Unlike a national election, mayoral elections allow the press and the public to focus their attention on the few constituencies where the races are taking place (three on April 28), which in turn serves to concentrate both the excitement and the scrutiny.
At the national level too much of the voting takes place simply across partisan party lines, with no one paying any attention to the candidates or their manifestos. Typically, the only consideration is the party identity of the candidate, and people cast their vote based on this one criterion.
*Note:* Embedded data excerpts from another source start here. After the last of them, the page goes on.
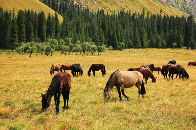 昭苏:在天山山脉之间,纯白巍峨的雪山下即是红得惊艳的树木,不像胡杨林那样壮观辽阔,但红叶黄林与河边喝水的牛羊点缀着整片渐渐泛黄的草原,都足已让你流连忘返。
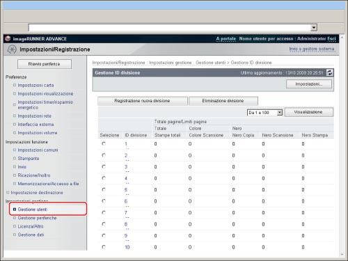 Le impostazioni di Gestione ID divisione sono uguali a quelle cui è possibile accedere dal pannello comandi premendo [Gestione utenti] → [Impostazioni/Registrazione] → [Gestione ID divisione]. Per istruzioni sull'utilizzo del pannello comandi per specificare le impostazioni di Gestione ID divisione e per ulteriori informazioni su Gestione ID divisione, vedere "Gestione ID divisione".
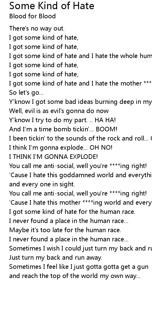 I got some kind of hate and I hate the whole human race. |
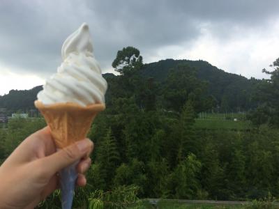 旅がらすのわれせんが刺さったソフトクリームも売っていて、中に座る場所やセルフのお茶やコーヒーもありました。
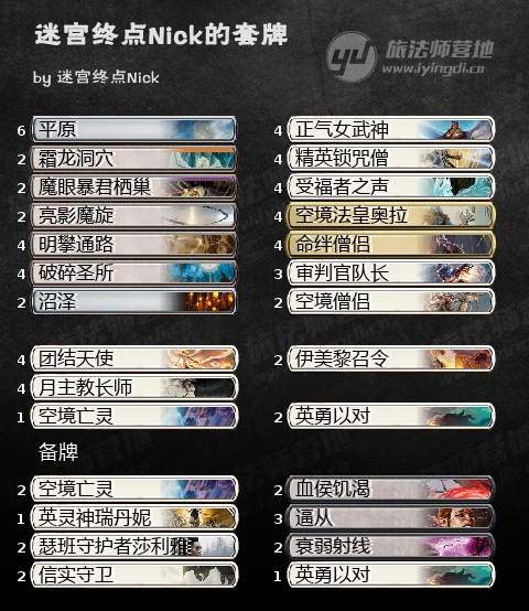 除了空境亡灵,这套牌中的所有生物都是冒险团类别。团结天使自身系命都同时还能膨胀其他生物。这牌乍看之下有些不起眼,但是它确实不错的。

A mayoral election provides us with a chance to really cast our vote based on the merits of the individual candidate and on what policies he or she might advance if elected to office. To be sure, there will be plenty of voters who will not look beyond the party affiliation (or, to be precise, support, as the election is meant to be a non-party affair) of each candidate, and vote based on that.
But the two Dhaka mayoral races also give us an opportunity to look at the merits, and see who we think would make the best mayor, regardless of party affiliation. It is an opportunity to listen objectively to what each candidate has to say and to make a judgement based on that.
It is for this reason that we at the Dhaka Tribune have teamed up with ATN News and the Institute of Infomatics and Development (IID) to bring the people of Dhaka two televised mayoral candidate debates, one for Dhaka South and one for Dhaka North.
In the upcoming elections nothing is more important that ensuring that the candidates get a chance to make their voices heard and that the voters get a chance to interact with the candidates and size them up for themselves.
The key to a good election is informed participation. Even a fully participatory election is of no use unless the voters have the opportunity to inform themselves about the candidates seeking their vote and are able to make a considered and informed choice.
There is no better forum for communicating this information than a debate between the candidates, that is broadcast on television to the voting public.
We have seen in other countries (the presidential debates in the US come to mind) that the election debates are a crucial component of the election landscape, and that it is unthinkable to hold an election without the candidates braving both one another as well as the television audience, so that the voters can take a long, hard look at them and determine for themselves how the candidates stack up against one another.
With this debate, we hope that we not only will provide a needed service for the voters in the upcoming Dhaka city corporation elections, but that we can kick-start a culture of televised debates in which future candidates will have no option but to face off against one another and will have to make their case to the public in order to be elected.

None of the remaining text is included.